## The data
=== Begin Enclosure ===
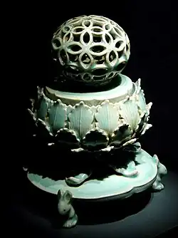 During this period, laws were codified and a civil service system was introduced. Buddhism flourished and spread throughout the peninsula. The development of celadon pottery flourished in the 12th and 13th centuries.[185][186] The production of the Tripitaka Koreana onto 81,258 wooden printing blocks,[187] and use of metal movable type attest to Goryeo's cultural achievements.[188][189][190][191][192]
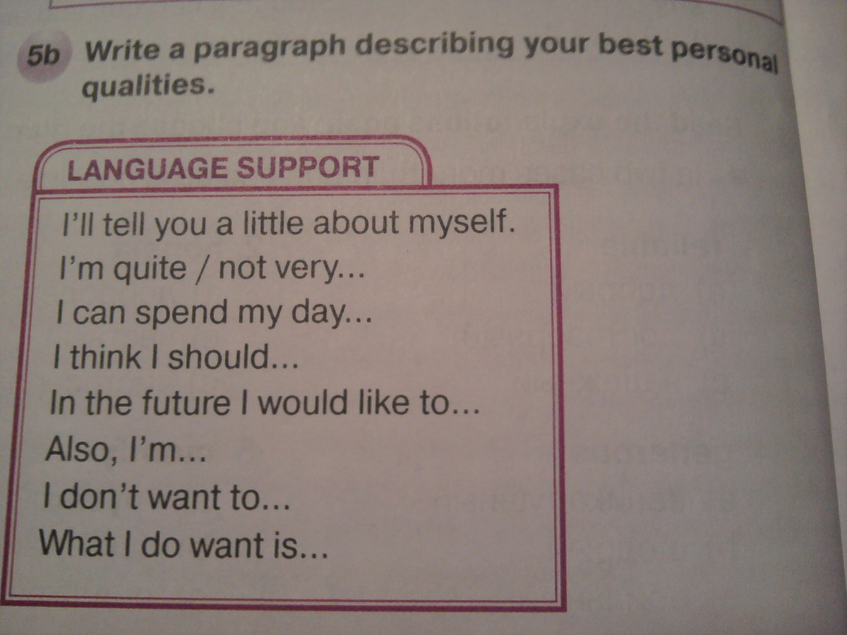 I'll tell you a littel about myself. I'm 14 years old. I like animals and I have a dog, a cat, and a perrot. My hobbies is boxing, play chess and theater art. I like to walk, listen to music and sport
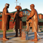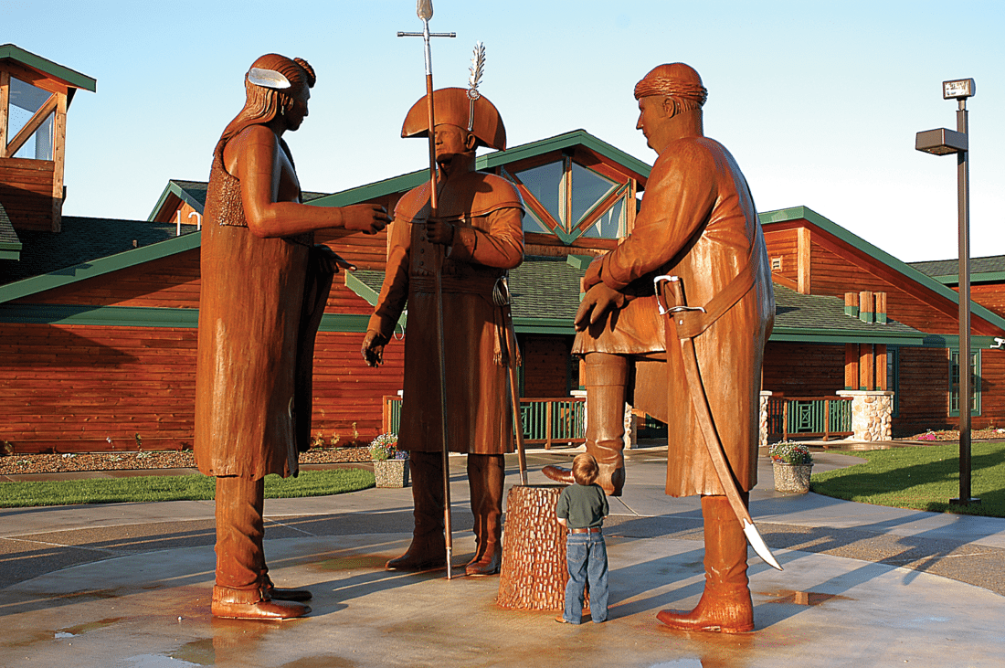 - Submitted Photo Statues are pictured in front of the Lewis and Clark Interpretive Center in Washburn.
=== End Enclosure ===
## Aim of the exercise
Every line of the listing is to be repeated exactly, and the pictures are to be dropped.

## The answer
 During this period, laws were codified and a civil service system was introduced. Buddhism flourished and spread throughout the peninsula. The development of celadon pottery flourished in the 12th and 13th centuries.[185][186] The production of the Tripitaka Koreana onto 81,258 wooden printing blocks,[187] and use of metal movable type attest to Goryeo's cultural achievements.[188][189][190][191][192]
 I'll tell you a littel about myself. I'm 14 years old. I like animals and I have a dog, a cat, and a perrot. My hobbies is boxing, play chess and theater art. I like to walk, listen to music and sport
 - Submitted Photo Statues are pictured in front of the Lewis and Clark Interpretive Center in Washburn.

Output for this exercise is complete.